Small business loan rates are major factor of the total sum of the loan
repayment. The higher the loan rate the higher will be the total sum to be repaid. Understanding the factors that will determine the loan rate enables
you to negotiate for cheaper loans.
Cheaper loans in essence
mean that the interest rates, which are a direct equivalent of the rates, will be lower. This site is full of
resources to help match you up with the appropriate loan program. Here are some few factors that determine the small business loan rates you
will pay:
Length of period: The period of repayment of a loan will determine the
small business loan rates you have to pay. This is because the exposure to risk of
default to a lender is greater with a longer period of repayment. It is understood that the chances of managing
business risks in the long term is lower because the business can collapse due to unforeseen risks. The
management of the business may also change for the worse due to the death of the owner or transfer of ownership.
Some of the costs that would raise the loan rates in these circumstances include the high insurance cover
premiums levied. It is therefore advisable that where possible small business owners apply for short term
loans.
Credit worthy rating: This is a major factor of small business
loan rates. It is simply the history of loan repayment
that is derived from previous loan repayments. A prospective small business or the owner with a poor credit
rating, meaning poor records of repaying loans, is likely to attract the higher small business loan
rates. Some lenders will not even separate the credit worth
rating of the owner separate from the business entity.
Size of loan: A larger loan will definitely attract higher small business
loan rates. The same reasons associated with long term loans
also apply in this case. A larger sum of loan has greater risks in defaults. To cover up for the risk, higher
interest rates are charged. The costs of insurance will also be inevitably higher.
Size of business: A larger business is presumed to be more stable than a
small business. This is because of the capital asset that the larger business entity may have. The risk rating
and the eventual small business loan rates charged will be lower for larger company. To tap into this benefit,
the small businesses can merge resources. This will provide them with a more convincing asset base that lowers
their risk rating. The result of this is lower small business loan rates.

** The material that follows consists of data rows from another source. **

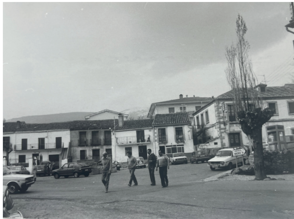
Plaza Mayor. En: Información, clasificación y normativa para los cascos antiguos de la Zona Norte del ámbito de la Comunidad Autónoma de Madrid, 1984.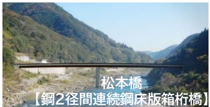
松本橋 【鋼2径間連続鋼床版箱桁橋】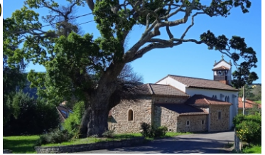
Iglesia de Santiago del Monte (Iglesia Santiago Apóstol, Reconstruida 1958, Roble Centenario, Arquitectura Popular, Hórreos, Paneras y Molino de Río)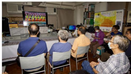
8月份月會評審嘉賓及出席觀賽的會友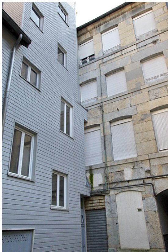
Détail de la façade postérieure du logis principal et de la paroi extérieure de la cage d'escalier.

25, Besançon, 33 rue Bersot, lieudit : îlot Proudhon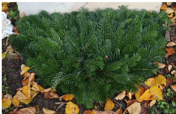
Schéma 1CC // sapin vert

Toussaint : une bruyère entre dans la composition de chaque schéma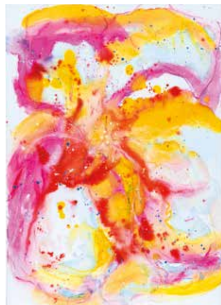
Darija Stipanić , Fragile beauty akril, 50 x 70 cm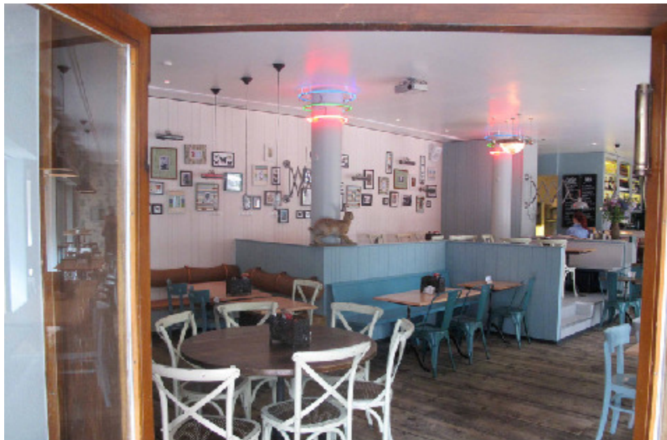
Iroquois, Seefeldstr. 120, 8008 Zürich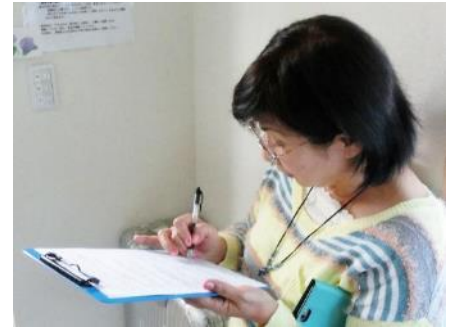
ジェルネイルの施術を受けてもらった皆様にはアンケート調査にご協力を頂きました

ネイル施術を受けることは贅沢ではなく、 『人が人として、文化的な営みを楽しむ行為』として一人でも 多くの女性に参加頂ける活動にしていきたいと思っております。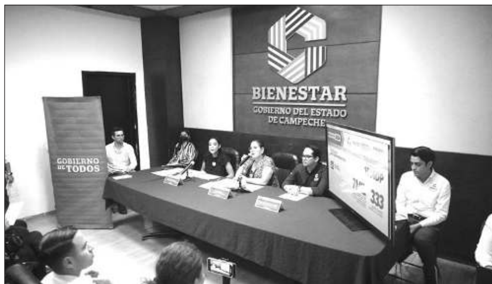
▲ La funcionaria destacó que realizarán un censo para entender cuáles son las necesidades específicas de cada zona, y será así que establecerán las estrategias de atención.

Por tiempos electorales, dijo que en el tema de apoyo a familias con el programa de comedores comunitarios

The use of proceeds: The purpose of a loan will affect small business loan
rates. Loans spent as capital investments are deemed as more
secure than those spent on recurrent expenditures. It is assumed that the profits made from the capital
investment will be used to pay back the loan. Lenders to the small business that has invested are often willing
to provide technical support too.
Base lending rate or
bench mark interest rates: These are the minimum interest rates charged by a bank. It is based on the
average banks lending rates or the government’s provision. They may levy an additional % of the rate as their
profits. Check out for the lowest bank rates.